[[ Data listing open ]]

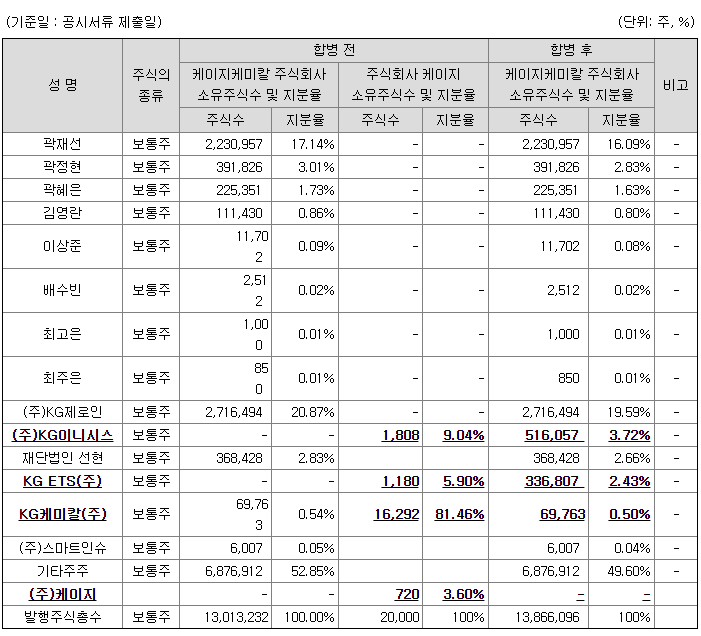 참고로 최근 케이지와 케이지케미칼 합병에 대한 공시 자료에서 발췌했다.
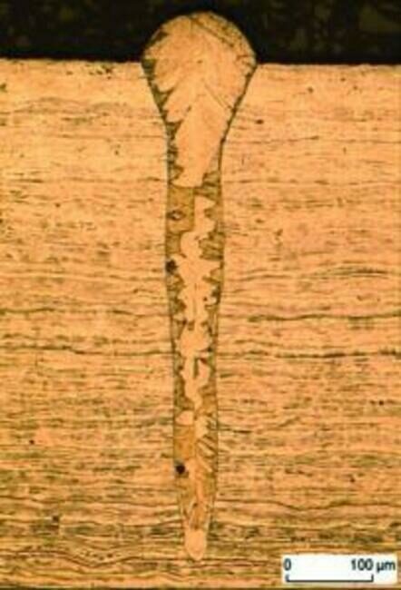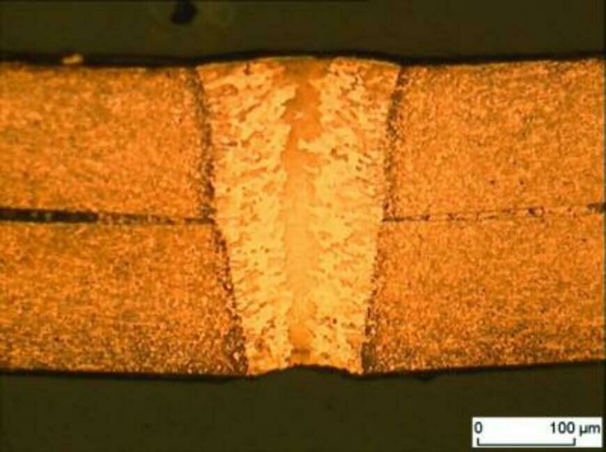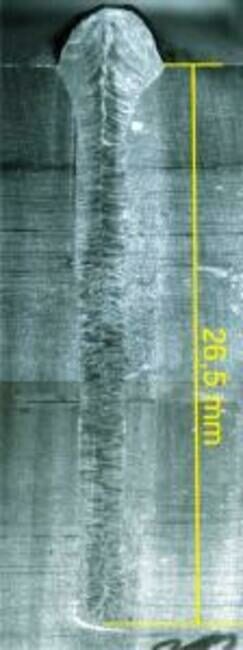Na obr. 4 jsou pak řezy dvou svarů dosažených tímto laserem. Jedná se o svařování nerezové oceli 1.4301. Jak je vidět, tak svařováním ze dvou stran lze dosáhnout hloubky průvaru až 50 mm. Na těchto obrázcích jsou znázorněny aplikace spíše z té horní úrovně dosahovaných výkonů. Vláknové lasery se však s úspěchem používají v celé škále tloušťek a použitých materiálů. Používají se též ve stále širším nasazení i v mikrosvařování a svařování „běžných" tloušťek. To je dáno též poměrně širokou výkonovou řadou strojů, od jednotek wattů až po desítky kilowatů. Na obrázku 5 jsou pak řezy mikrosvarů pro různé materiály.
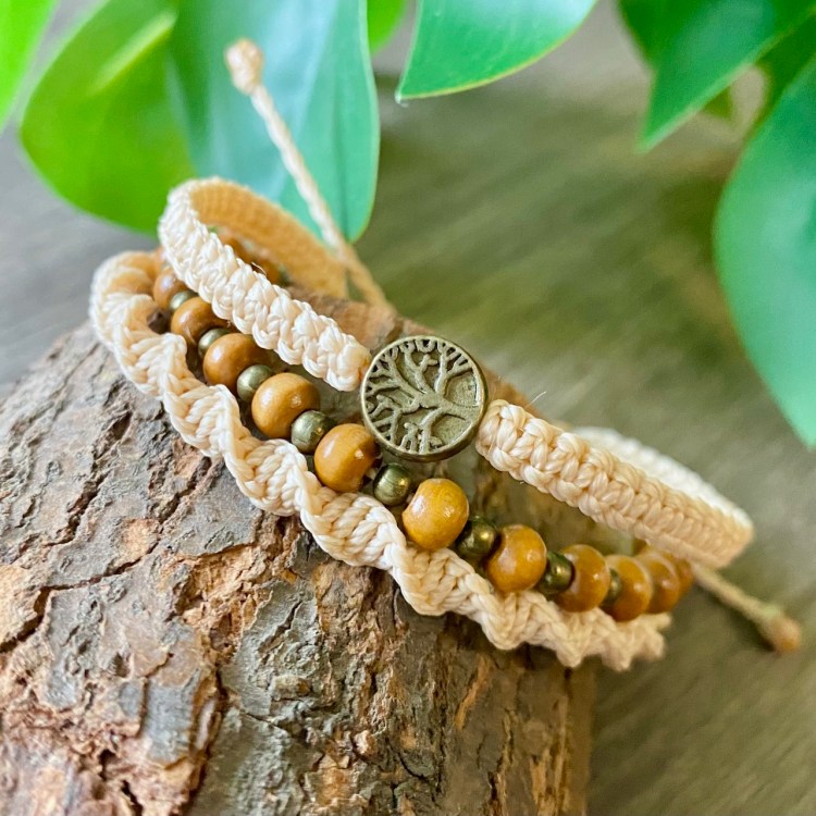 。飾品為木珠與古銅珠
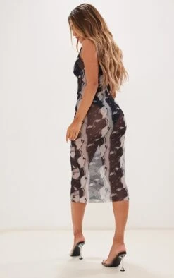 Robe Mi-longue En Mesh Noir & Blanc à Imprimé Marbre Sans Manches
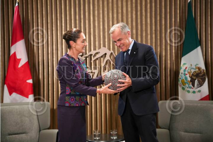ALBERTA, CANADÁ, 17JUNIO2025.– Claudia Sheinbaum Pardo, presidenta de México, entregó a Mark Carney, primer ministro de Canadá, un balón conmemorativo de la Copa Mundial de Fútbol 2026, elaborado por artesanos wixárika, al concluir su participación en la Cumbre del G7. FOTO: PRESIDENCIA/CUARTOSCURO.COM
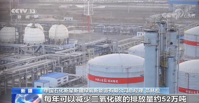 中国石化新星新疆绿氢新能源有限公司总经理 范林松:项目配套建设300兆瓦光伏电站,规划制氢产能2万吨每年,储氢规模是21万方。项目投产后,每年可以减少二氧化碳的排放量约52万吨。
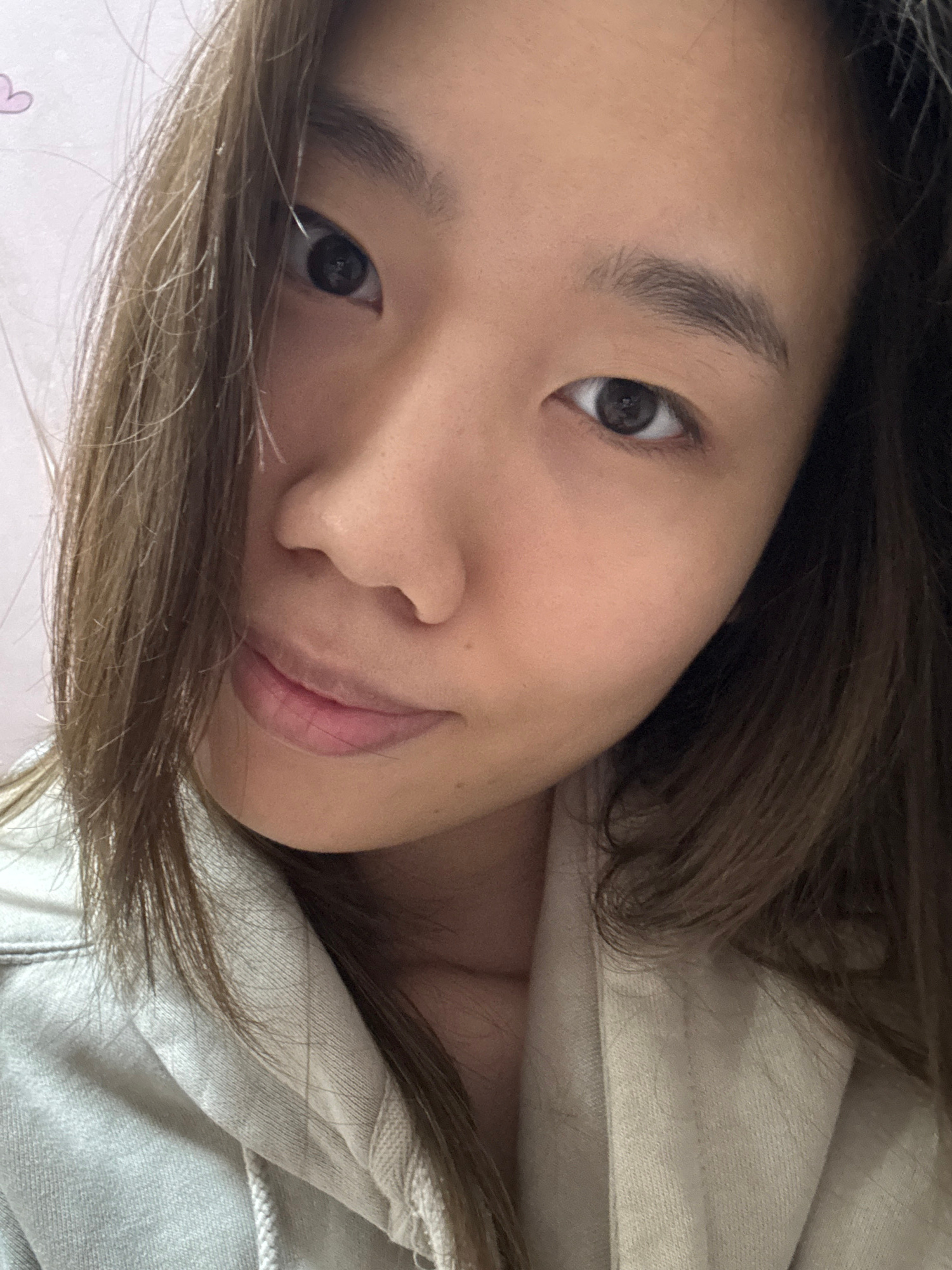 A close-up, angled shot shows a woman's face. She has light brown hair, brown eyes, and fair skin. Part of her hair is in the foreground, covering a portion of the lower left. She is wearing a light-c…read more
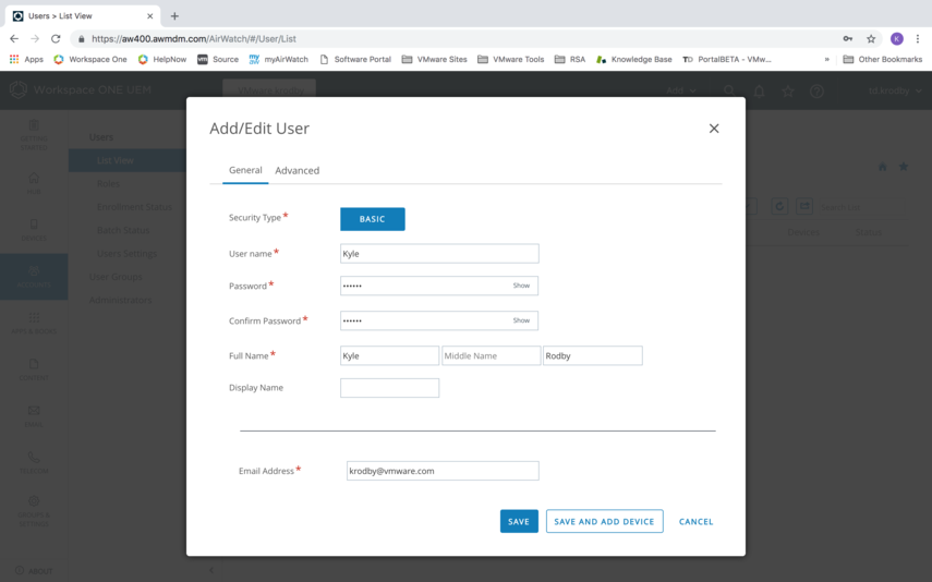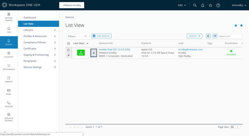 If you go back to the Workspace ONE UEM Sandbox Admin Console, you'll see the device now appears in the list view.
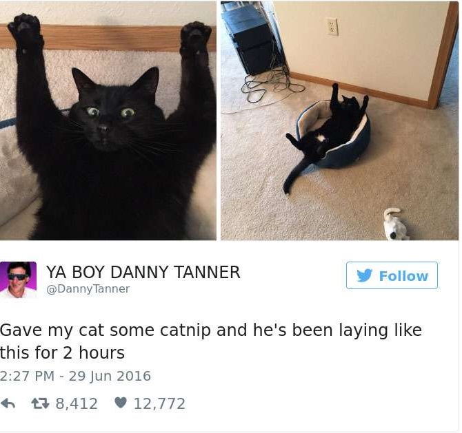 ▼「給了牠一點貓草,牠就用這個姿勢在那裡躺了兩個小時。」

[[ Data listing closed ]]

[Exercise goal]:
The answer must be an exact copy of the records, with no pictures in it.

[Task solution]:
 참고로 최근 케이지와 케이지케미칼 합병에 대한 공시 자료에서 발췌했다.
Na obr. 4 jsou pak řezy dvou svarů dosažených tímto laserem. Jedná se o svařování nerezové oceli 1.4301. Jak je vidět, tak svařováním ze dvou stran lze dosáhnout hloubky průvaru až 50 mm. Na těchto obrázcích jsou znázorněny aplikace spíše z té horní úrovně dosahovaných výkonů. Vláknové lasery se však s úspěchem používají v celé škále tloušťek a použitých materiálů. Používají se též ve stále širším nasazení i v mikrosvařování a svařování „běžných" tloušťek. To je dáno též poměrně širokou výkonovou řadou strojů, od jednotek wattů až po desítky kilowatů. Na obrázku 5 jsou pak řezy mikrosvarů pro různé materiály.
 。飾品為木珠與古銅珠
 Robe Mi-longue En Mesh Noir & Blanc à Imprimé Marbre Sans Manches
ALBERTA, CANADÁ, 17JUNIO2025.– Claudia Sheinbaum Pardo, presidenta de México, entregó a Mark Carney, primer ministro de Canadá, un balón conmemorativo de la Copa Mundial de Fútbol 2026, elaborado por artesanos wixárika, al concluir su participación en la Cumbre del G7. FOTO: PRESIDENCIA/CUARTOSCURO.COM
 中国石化新星新疆绿氢新能源有限公司总经理 范林松:项目配套建设300兆瓦光伏电站,规划制氢产能2万吨每年,储氢规模是21万方。项目投产后,每年可以减少二氧化碳的排放量约52万吨。
 A close-up, angled shot shows a woman's face. She has light brown hair, brown eyes, and fair skin. Part of her hair is in the foreground, covering a portion of the lower left. She is wearing a light-c…read more
 If you go back to the Workspace ONE UEM Sandbox Admin Console, you'll see the device now appears in the list view.
 ▼「給了牠一點貓草,牠就用這個姿勢在那裡躺了兩個小時。」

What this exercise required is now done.